# Changing catagorical data to numeric

First we need to import pandas.

In [55]:
import pandas as pd

Now I'm going to makeup some data and put it into a dataframe.

In [56]:
# Here is a python dictionary of some data
my_data = { "shadow": ["yes", "no", "unknown", "yes", "yes", "no", "no data"], 
            "year": [1, 2, 3, 4, 5, 6, 7]}

# This is loading the data from the dictionary into a pandas datafram
df1 = pd.DataFrame.from_dict(my_data)

# Now let's look at the datafram
df1.head()

Unnamed: 0,shadow,year
0,yes,1
1,no,2
2,unknown,3
3,yes,4
4,yes,5


## Method 1

We can add a new column with numerical values.
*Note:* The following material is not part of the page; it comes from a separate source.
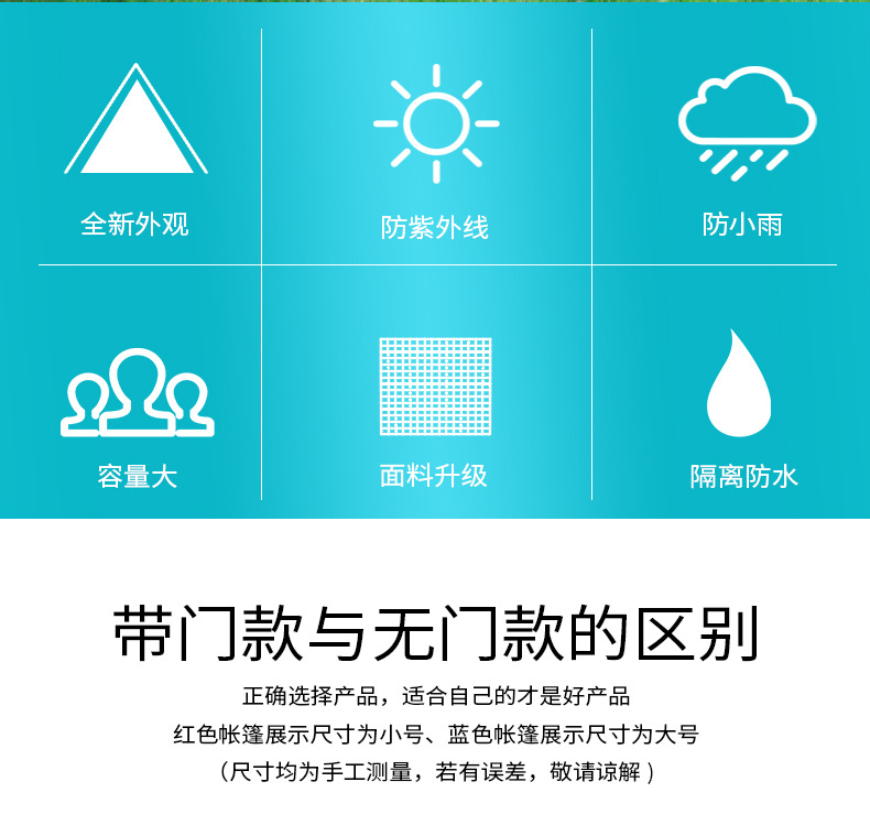 注意,支架为扁钢丝的帐篷,由于钢丝特性,受力方向改变后会使帐篷变形,矫正下即可恢复,此非质量问题,介意勿拍。

I have chosen to have **yes** -> 0, **no** -> 1, and everything else go to -1

In [57]:
# df.replace([current data possibilities], [new (numerical) data possibilities], 
# inplace=True to replcae the current column or False to put it in a new column)
df1["shadow_numeric"] = df1["shadow"].replace(['yes', 'no', 'unknown', 'no data'], [0, 1, -1, -1], inplace=False)

In [58]:
#Now let's look at the dataframe again
df1.head()

Unnamed: 0,shadow,year,shadow_numeric
0,yes,1,0
1,no,2,1
2,unknown,3,-1
3,yes,4,0
4,yes,5,0


## Method 2

We can create a "dummies" dataframe and then merge it with our existing dataframe

In [59]:
df2 = pd.DataFrame.from_dict(my_data)

df2.head()

Unnamed: 0,shadow,year
0,yes,1
1,no,2
2,unknown,3
3,yes,4
4,yes,5


In [60]:
# pd.get_dummies(column of dataframe)
dummies = pd.get_dummies(df['shadow'])

dummies.head()

Unnamed: 0,no,no data,unknown,yes
0,0,0,0,1
1,1,0,0,0
2,0,0,1,0
3,0,0,0,1
4,0,0,0,1


Since we only care about yes or no values, we can delete or **drop** the other columns.

In [61]:
# df.drop([names of columns to drop], axis=columns to drop the 
# columns or rows to drop rows from the dataframe)
dummies = dummies.drop(['no data', 'unknown'], axis='columns')

dummies.head()

Unnamed: 0,no,yes
0,0,1
1,1,0
2,0,0
3,0,1
4,0,1


Finally, we can merge or **concatonate** our original datafram with our dummies dataframe

In [62]:
# pd.concat([names of dataframes], axis=columns to drop the 
# columns or rows to drop rows from the dataframe)
df2 = pd.concat([df2, dummies], axis='columns')

In [63]:
df2.head()

Unnamed: 0,shadow,year,no,yes
0,yes,1,0,1
1,no,2,1,0
2,unknown,3,0,0
3,yes,4,0,1
4,yes,5,0,1